Shake N' Bake Throwback - A Taste Buds Trial
- Terry Buchanan

- Oct 7
- 2 min read
I have a number of friends and readers who have signed up to either be a quality control taste tester or to provide some out-of-the-ordinary recipes for me to test out and report back. I call these friends “taste buds,” my foodie posse. This recipe is one of those - pretzel-coated pork chops with a honey-mustard sauce - and it serves another purpose. My kids loved Shake N’ Bake pork chops when they were young, and I’ve been looking for a suitable substitute without all the sugar.
INGREDIENTS
2 large eggs, beaten
2 teaspoons hot sauce
2 cups pretzels, such as Dots® Original or Honey Mustard pretzels
4 center-cut pork chops
1 1/4 teaspoons kosher salt, divided
3/4 teaspoon freshly ground black pepper, divided
2 tablespoons olive oil
1 1/2 tablespoons Dijon mustard
1 tablespoon mayonnaise
1 tablespoon honey
1 teaspoon apple cider vinegar
METHOD
Preheat the oven to 400 degrees. Set a wire rack inside a rimmed baking sheet; set aside.

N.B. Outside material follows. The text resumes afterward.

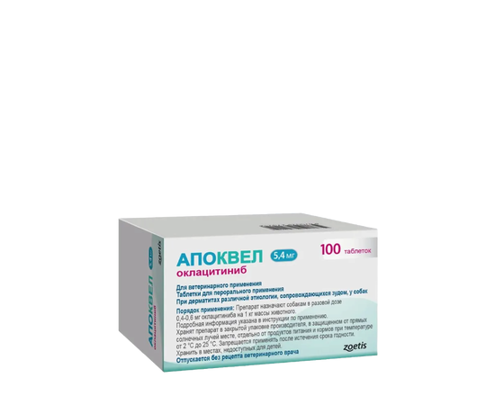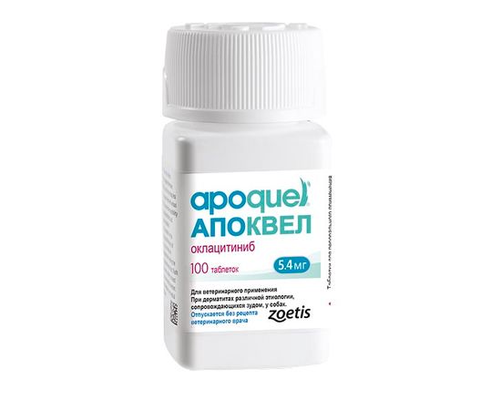 Апоквел применяют собакам перорально индивидуально с руки или в смеси с кормом, либо вводят принудительно в пасть в разовой дозе 0.4-0.6 мг оклацитиниба на 1 кг массы животного 2 раза/сут, не более 14 суток.

Whisk eggs and hot sauce together in a shallow dish.
Crush pretzels in a food processor or plastic bag and add them to a second shallow dish.
Season pork chops evenly with 1 teaspoon salt and 1/2 teaspoon pepper. Coat each pork chop in egg mixture, allowing excess to drip off, then coat each liberally in pretzel crumbs.

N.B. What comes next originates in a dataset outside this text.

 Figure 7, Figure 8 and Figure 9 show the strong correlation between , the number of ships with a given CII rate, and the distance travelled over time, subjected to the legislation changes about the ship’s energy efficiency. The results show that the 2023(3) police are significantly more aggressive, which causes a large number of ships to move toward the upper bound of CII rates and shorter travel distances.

Heat oil in a large skillet over medium-high heat. Cook pork chops, 2 at a time, until golden brown, about 2 minutes per side. Transfer them to the prepared baking sheet.
Bake in the preheated oven until no longer pink in the center, about 10 minutes. An instant-read thermometer inserted into the center should read 145 degrees.
Meanwhile, combine mustard, mayonnaise, honey, vinegar, and remaining salt and pepper in a small bowl and mix well.
Microwave mustard sauce for 15 seconds, stir, and serve with pork chops.
As you can see, I served it with a quick veggie and a hasselback potato. I have so much sage left in my garden I wanted to use some of it.
If you’ve never made hasselback potatoes, you should try - they are easy and really add a lot of flavor to potatoes when they cook open this way.
Put two chopsticks on either side of the potato, so when you slice down you don’t cut the bottom. I put herbs in each slice and drizzle some olive oil, salt and pepper in the cracks. Roast it for 50 minutes at 400.
Mix a little melted butter and minced garlic, then brush the potatoes with it. Put them in the oven for another 20 minutes or so.
I was thinking another snack would make some great breading - Cheetos or jalapeno potato chips. What do you think, Taste Buds?